Claude 4 is out and it's a leap: first impressions after a week of testing
Anthropic did it again. Claude 4 is out, and after a week of intensive testing I can say: this is a generational leap, not an incremental update.
What's new
Opus 4: that smart colleague who never sleeps
Claude Opus 4 is the most powerful model I've ever used. And I've tried everything — GPT-5, Gemini 2 Pro, Llama 3, DeepSeek. Opus 4 is just on another level.
Where I see it most:
- Code. Opus 4 understands whole systems, not just functions. Tell him "refactor authentication" and he'll grasp the flow across 15 files.
- Reasoning. Extended thinking in Opus 4 is on another level. Watching him think through an architectural problem is like reading a senior engineer's mind.
- Context. 200k tokens, but now with even better retrieval. I had him analyze a whole monorepo (~150 files) and he answered precisely.
Sonnet 4: the performance/price ratio that makes sense
Sonnet 4 is what you'll use 90% of the time. It's faster than Opus, cheaper, and sufficient for most tasks. Anthropic did great work here — Sonnet 4 is better than Opus 3 on benchmarks, at a fraction of the price.
My rule: Sonnet for everything. Opus when I need deep reasoning or I'm working with a large context.
Haiku 4.5: speed demon
Haiku is for real-time applications — chatbots, classification, simple extractions. Latency under 200ms. For most API use cases, Haiku is more than enough.
My test: a real project
I took a medium-sized Next.js project (~80 files) and gave Opus 4 the task: "Go through the whole project, find performance bottlenecks, and suggest solutions."
Result:
- Identified an N+1 query in Server Components (he was right)
- Suggested moving data into a
use cachecomponent withcacheTag(correct Next.js 15 pattern) - Found unnecessary re-renders in a client component (he was right)
- Recommended lazy loading for a heavy library (correct)

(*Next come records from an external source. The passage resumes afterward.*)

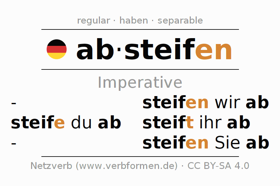 The conjugation of absteifen (stiffen, brace) in the imperative is: steife (du) ab, steifen wir ab, steift (ihr) ab, steifen Sie ab. The imperative is formed with the stem of present tense steif. The endings -e, -en, -t, -en are appended to the stem. The prefix ab- of absteifen is separated.The personal pronoun is usually omitted in the 2nd person singular.The formation of the forms corresponds to the grammatical rules for the conjugation of the verbs in imperative. Comments ☆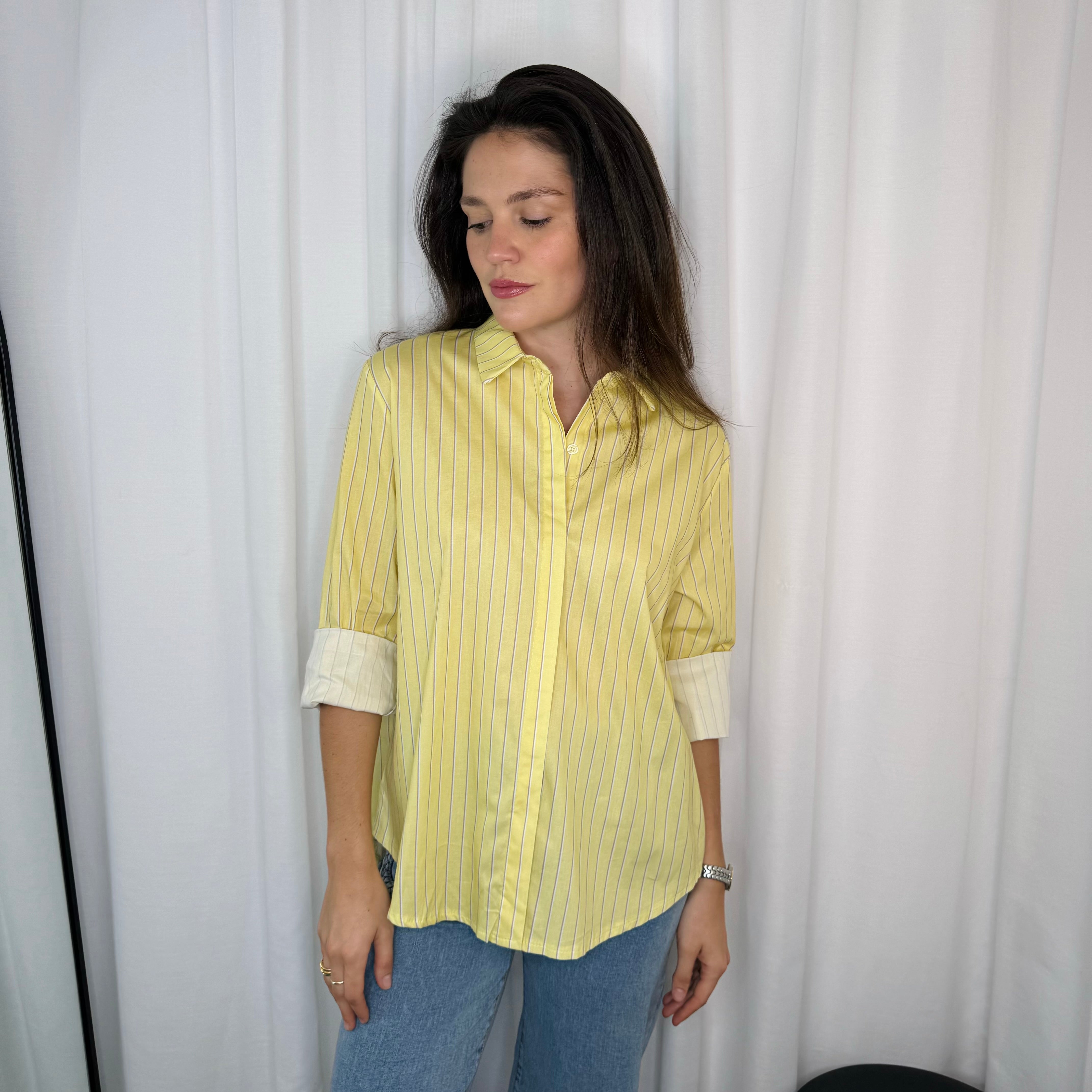 Camisa modelo oversized amarela com riscas. Aperta com botões ao centro. Golas em aba.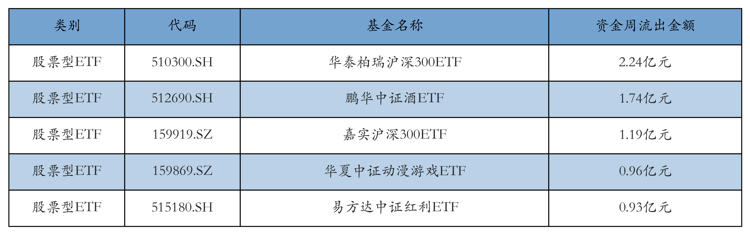上周股票型ETF资金流出最多的5只ETF及其流出金额分别为:华泰柏瑞沪深300ETF(流出2.24亿元)、鹏华中证酒ETF(流出1.74亿元)、嘉实沪深300ETF(流出1.19亿元)、华夏中证动漫游戏ETF(流出0.96亿元)、易方达中证红利ETF(流出0.93亿元)。详情见下表: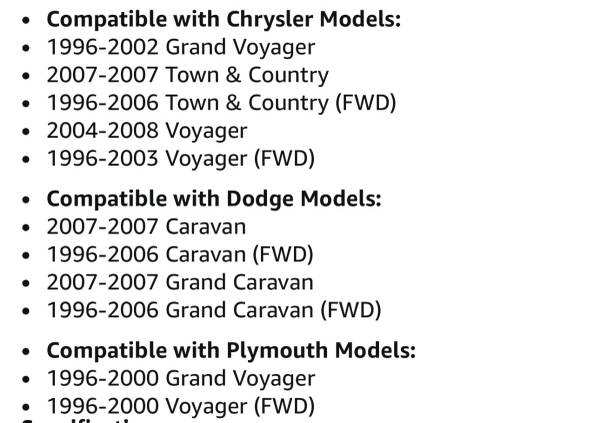 CV axle shaft assembly for 1996-2008 Chrysler Grand Voyager, Town and Country Dodge Grand Caravan and Plymouth Voyager For front left driver side 2.4L, 3.0L, 3.3L, 3.8L See pic for all other...
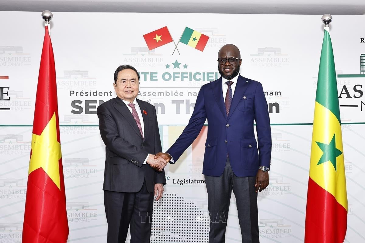 Chủ tịch Quốc hội Malick Ndiaye đón Chủ tịch Quốc hội Trần Thanh Mẫn thăm chính thức Cộng hòa Senegal (Sáng 23/7/2025, giờ địa phương). Ảnh: Doãn Tấn – TTXVN

- One false positive — flagged something as a problem that was intentional
Score: 4 out of 5 valid findings. In 30 seconds. A manual review would have taken me an hour.
Comparison with GPT-5
I have to be fair — GPT-5 is also an excellent model. Here's my honest comparison:
| Area | Claude Opus 4 | GPT-5 | |--------|--------------|-------| | Code and architecture | Better | Very good | | Long context | Significantly better | Good, but quality drops | | Creative writing | Good | Better | | Instruction following | Excellent | Very good | | Multimodality | Text + images | Text + images + audio + video | | Hallucinations | Lowest | Low | | Price (Sonnet vs GPT-5 mini) | Comparable | Comparable |
My verdict: For programming and analytical tasks → Claude. For creative and multimodal tasks → GPT. For the price sweet spot → both have great mid-tier models.
What surprised me
Constitutional AI v4 is noticeable. Claude 4 is less "cautious" than three. Anthropic clearly worked to make the model helpful without unnecessary gatekeeping. I can finally discuss security topics normally.

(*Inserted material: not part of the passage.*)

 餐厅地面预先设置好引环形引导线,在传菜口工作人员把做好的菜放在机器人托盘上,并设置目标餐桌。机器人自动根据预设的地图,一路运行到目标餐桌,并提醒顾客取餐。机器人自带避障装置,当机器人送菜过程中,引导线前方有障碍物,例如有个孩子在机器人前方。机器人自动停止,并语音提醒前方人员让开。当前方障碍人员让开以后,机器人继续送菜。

Tool use is production-ready. Structured function calling is reliable and consistent. I'm building an API endpoint with it that parses documents, and it works beautifully.
Czech is surprisingly good. Claude 4 generates more natural text in Czech than three did. Fewer anglicisms, better declensions. Still not perfect, but the progress is visible.
Price
| Model | Input (1M tokens) | Output (1M tokens) | |-------|-------------------|---------------------| | Opus 4 | $15 | $75 | | Sonnet 4 | $3 | $15 | | Haiku 4.5 | $0.25 | $1.25 |
Opus is expensive, but for what it can do, it's worth it. Sonnet covers 90% of needs at a reasonable price.
Conclusion
Claude 4 confirms that Anthropic is serious. They're not just "the safety guys" — they build top-tier models that I actually use every day.
If you're on Claude 3 — upgrade. If you're on GPT — try Sonnet 4 for a week. At minimum, you'll have a comparison.
And if you've never used AI... well, there won't be a better time to start.